» Provided data
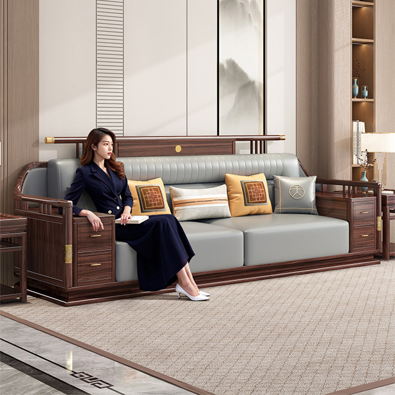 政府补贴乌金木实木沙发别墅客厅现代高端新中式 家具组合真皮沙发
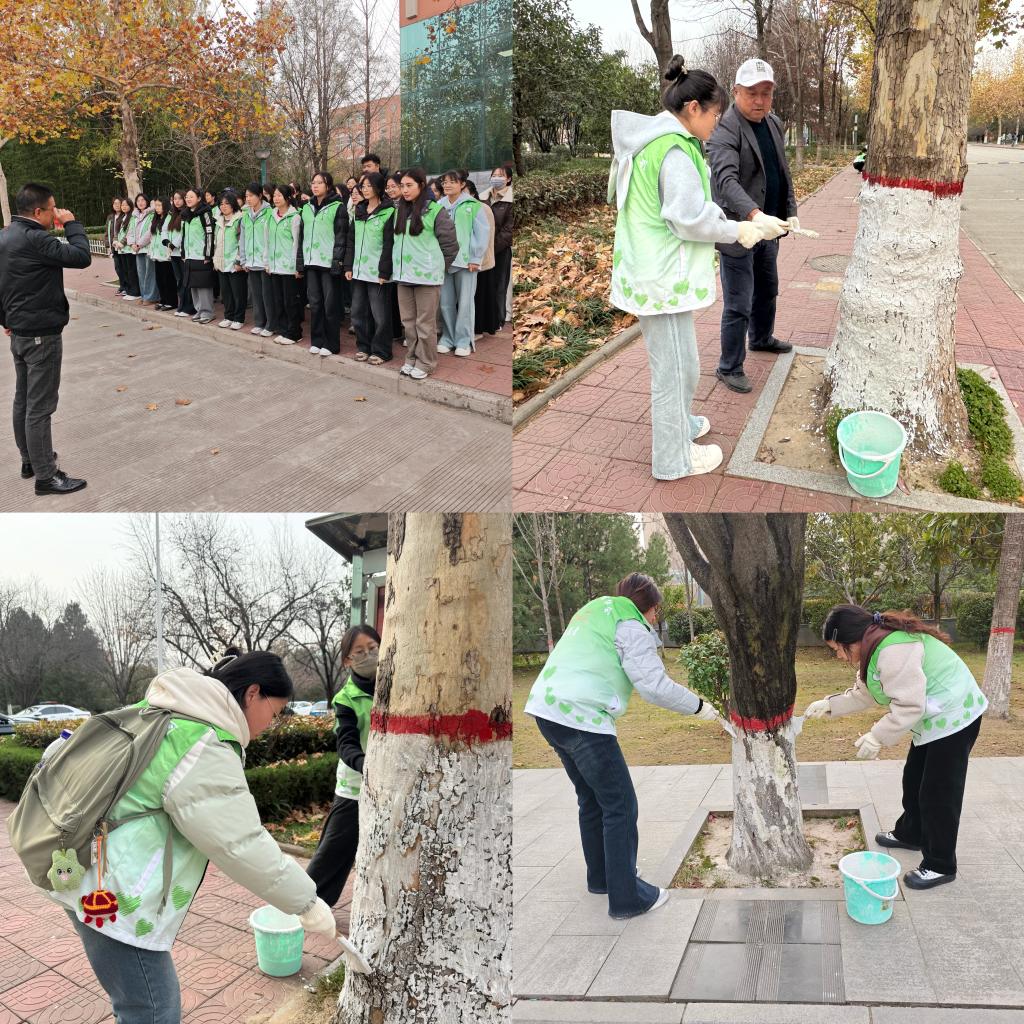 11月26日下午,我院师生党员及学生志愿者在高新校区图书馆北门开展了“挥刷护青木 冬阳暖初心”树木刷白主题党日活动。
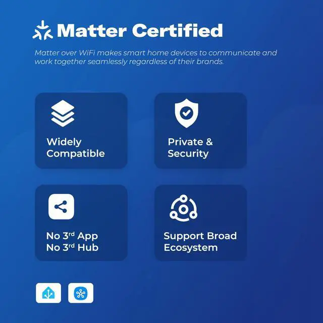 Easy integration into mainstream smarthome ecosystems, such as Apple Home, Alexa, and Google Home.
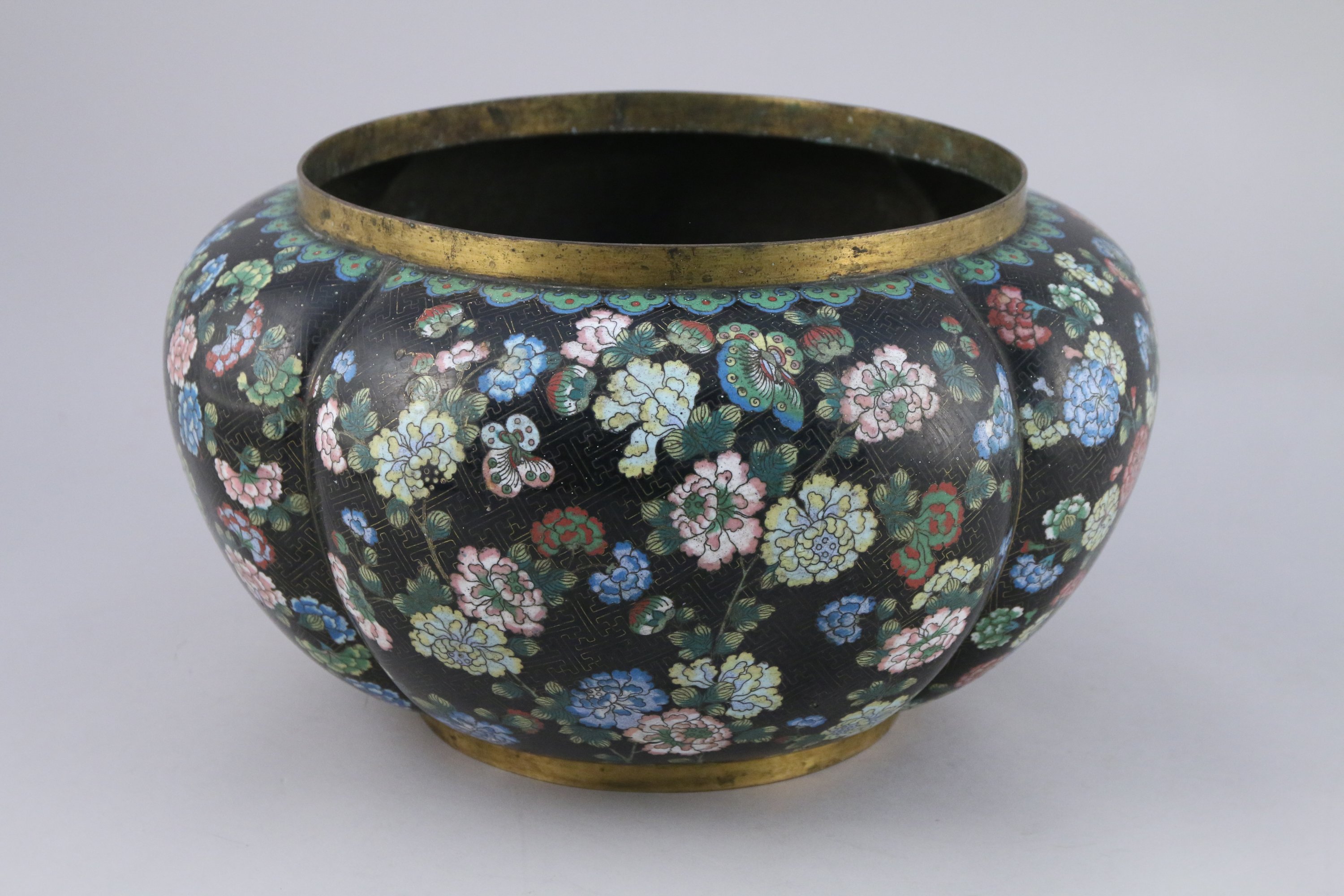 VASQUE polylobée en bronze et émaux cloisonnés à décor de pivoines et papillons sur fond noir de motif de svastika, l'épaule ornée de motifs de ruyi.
...
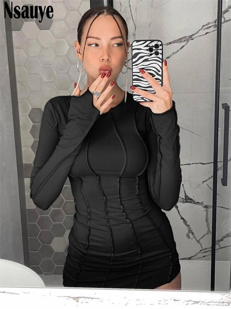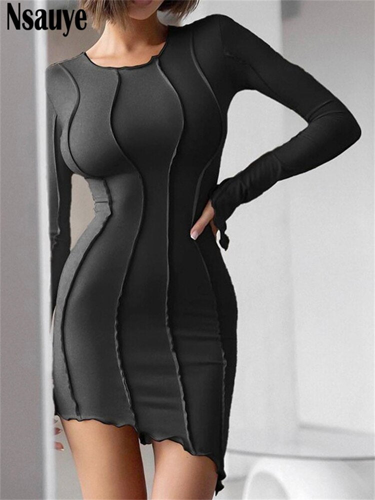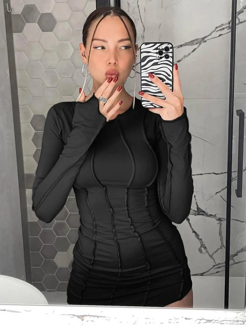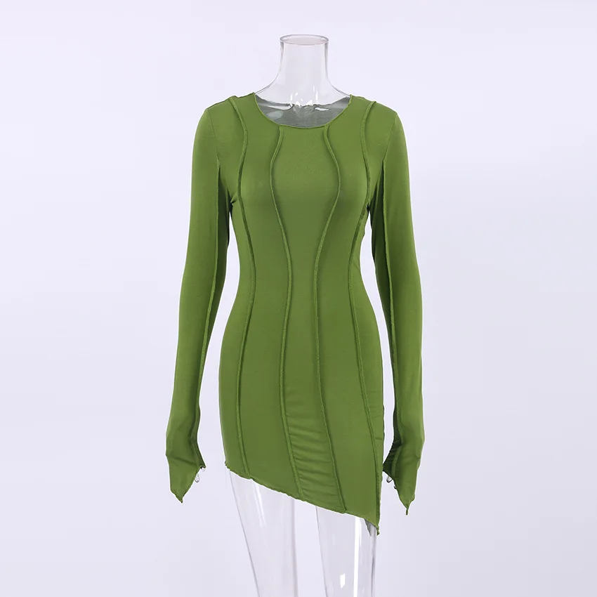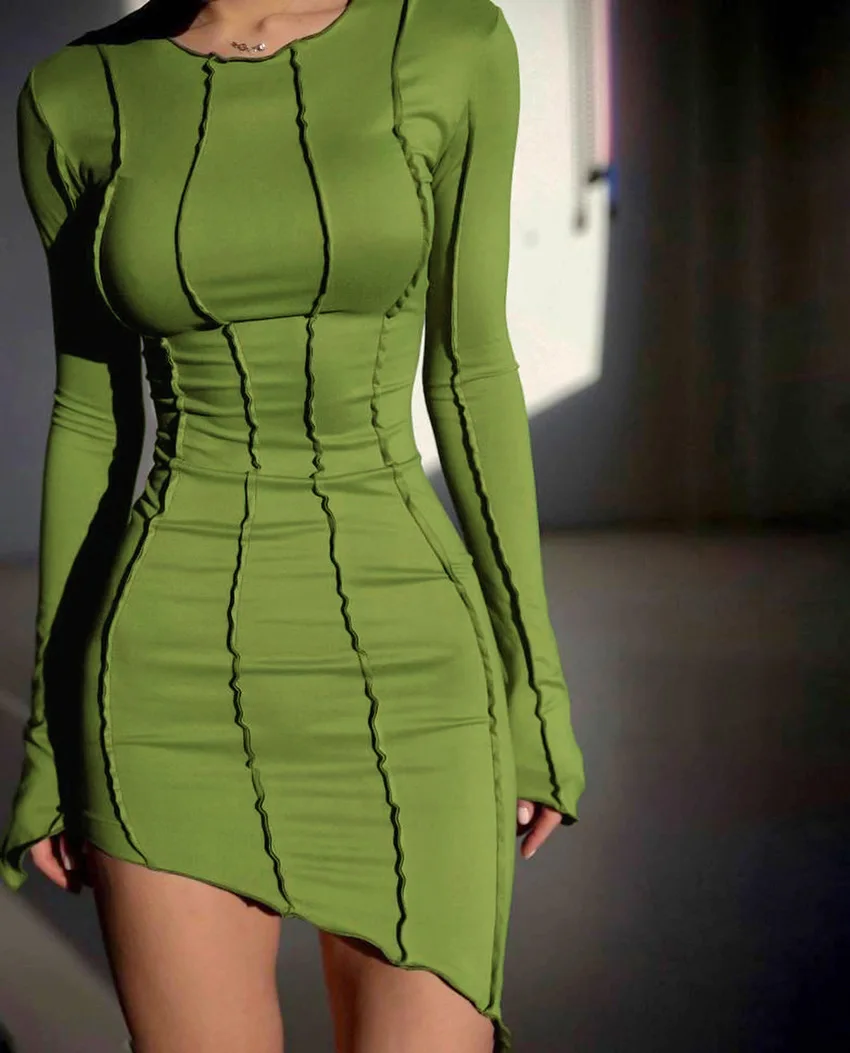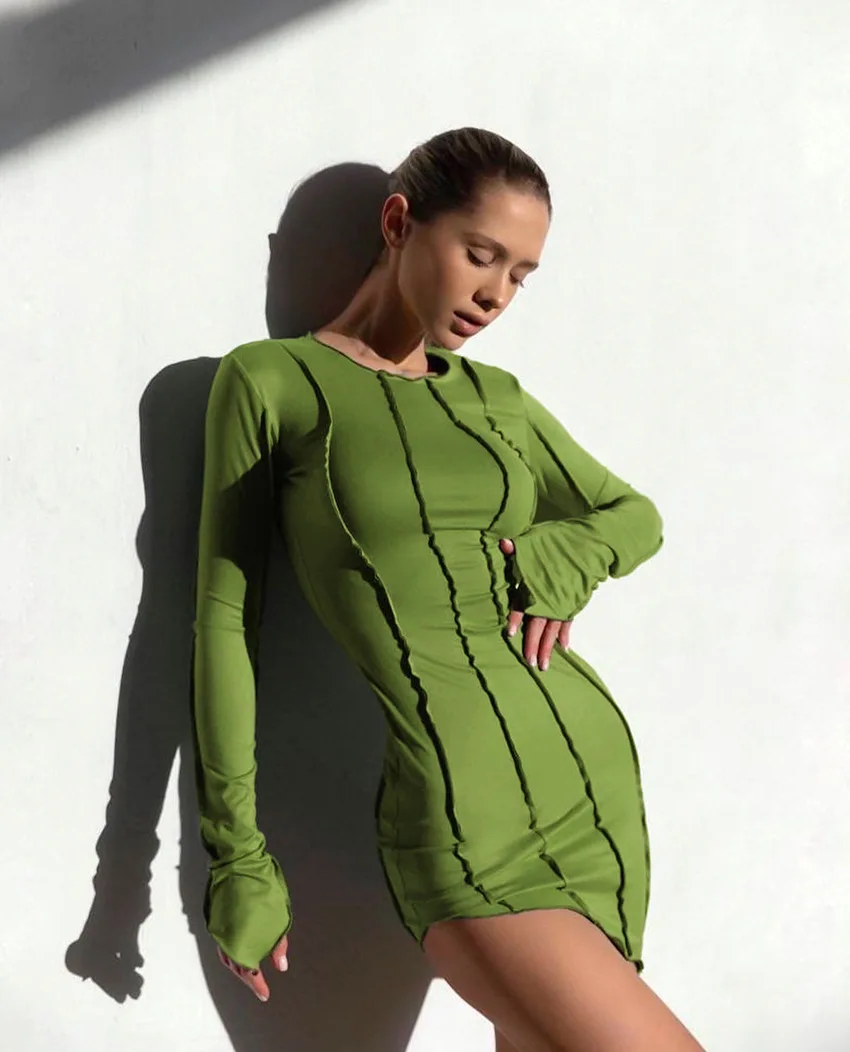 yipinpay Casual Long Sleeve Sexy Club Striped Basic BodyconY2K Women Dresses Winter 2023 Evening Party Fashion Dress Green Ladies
...
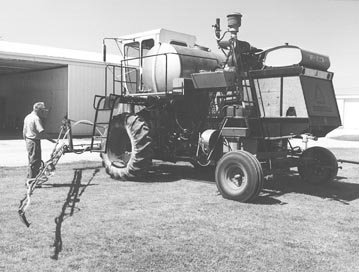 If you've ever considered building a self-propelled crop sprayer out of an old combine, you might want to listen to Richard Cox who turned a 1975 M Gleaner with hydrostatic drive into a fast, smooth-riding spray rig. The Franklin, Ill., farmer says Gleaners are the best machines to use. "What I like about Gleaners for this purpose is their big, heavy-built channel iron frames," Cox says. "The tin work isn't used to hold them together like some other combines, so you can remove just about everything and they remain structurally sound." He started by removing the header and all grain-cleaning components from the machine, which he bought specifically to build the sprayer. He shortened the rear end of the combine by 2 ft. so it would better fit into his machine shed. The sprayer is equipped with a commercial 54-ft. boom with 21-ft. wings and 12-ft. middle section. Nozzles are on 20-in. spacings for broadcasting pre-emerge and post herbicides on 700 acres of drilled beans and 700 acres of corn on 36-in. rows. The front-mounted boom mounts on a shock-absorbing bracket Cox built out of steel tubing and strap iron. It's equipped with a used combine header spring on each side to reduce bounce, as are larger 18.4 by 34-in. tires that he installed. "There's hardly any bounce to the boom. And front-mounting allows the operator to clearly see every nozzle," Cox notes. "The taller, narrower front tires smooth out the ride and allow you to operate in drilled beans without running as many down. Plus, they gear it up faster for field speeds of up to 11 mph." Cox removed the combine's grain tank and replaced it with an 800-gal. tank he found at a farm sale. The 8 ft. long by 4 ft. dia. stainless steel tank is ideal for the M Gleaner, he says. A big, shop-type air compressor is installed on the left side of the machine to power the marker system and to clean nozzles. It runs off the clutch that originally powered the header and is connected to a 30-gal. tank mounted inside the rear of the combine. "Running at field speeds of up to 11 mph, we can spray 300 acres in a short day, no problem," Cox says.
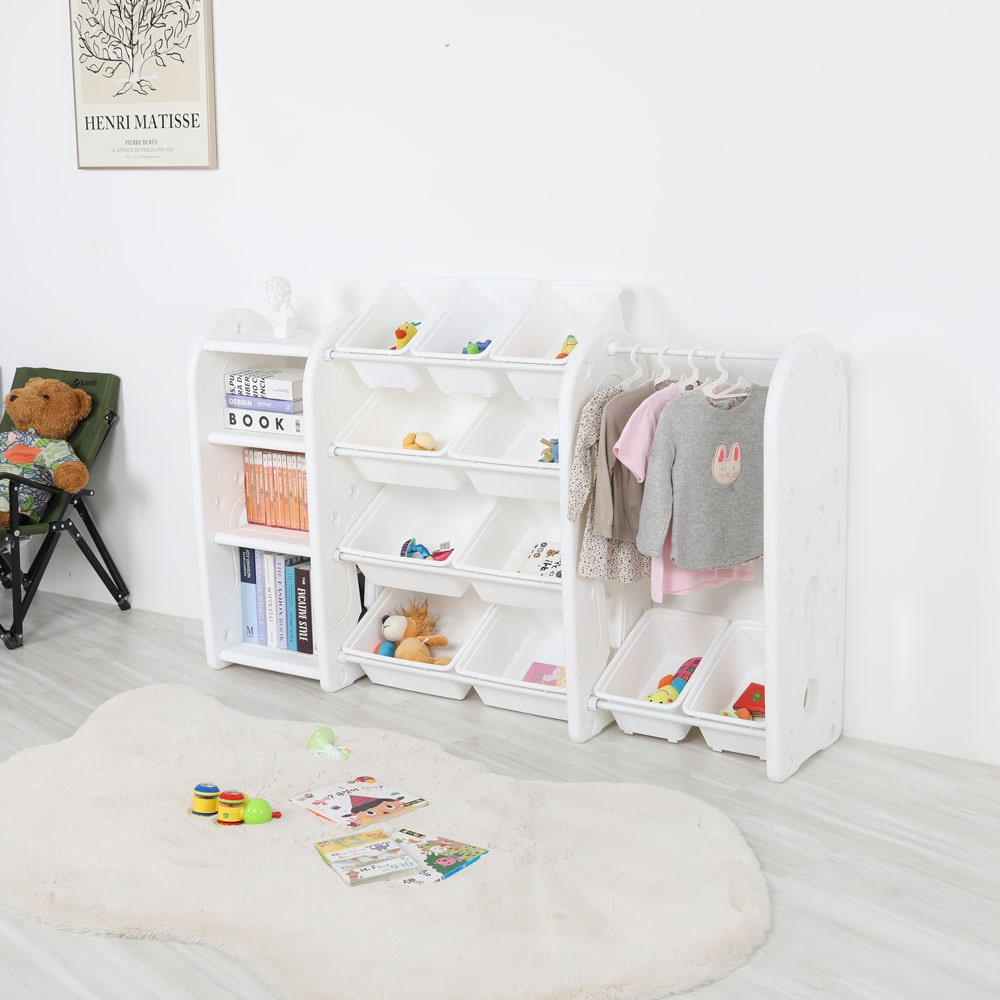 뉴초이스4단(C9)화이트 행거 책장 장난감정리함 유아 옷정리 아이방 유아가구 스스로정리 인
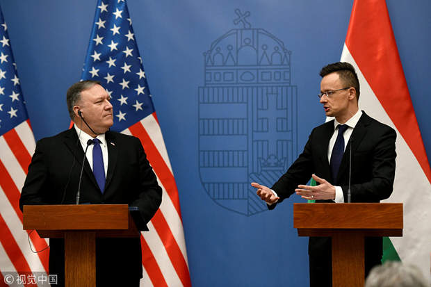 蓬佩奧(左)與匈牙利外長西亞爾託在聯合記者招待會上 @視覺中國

» Task directions
From the line containing "政府补贴乌金木实木沙发别墅客厅现代高端新中式 家具组合真皮沙发" through the line containing "VASQUE polylobée en", copy every line above exactly, without pictures.

» Task answer
 政府补贴乌金木实木沙发别墅客厅现代高端新中式 家具组合真皮沙发
 11月26日下午,我院师生党员及学生志愿者在高新校区图书馆北门开展了“挥刷护青木 冬阳暖初心”树木刷白主题党日活动。
 Easy integration into mainstream smarthome ecosystems, such as Apple Home, Alexa, and Google Home.
 VASQUE polylobée en bronze et émaux cloisonnés à décor de pivoines et papillons sur fond noir de motif de svastika, l'épaule ornée de motifs de ruyi.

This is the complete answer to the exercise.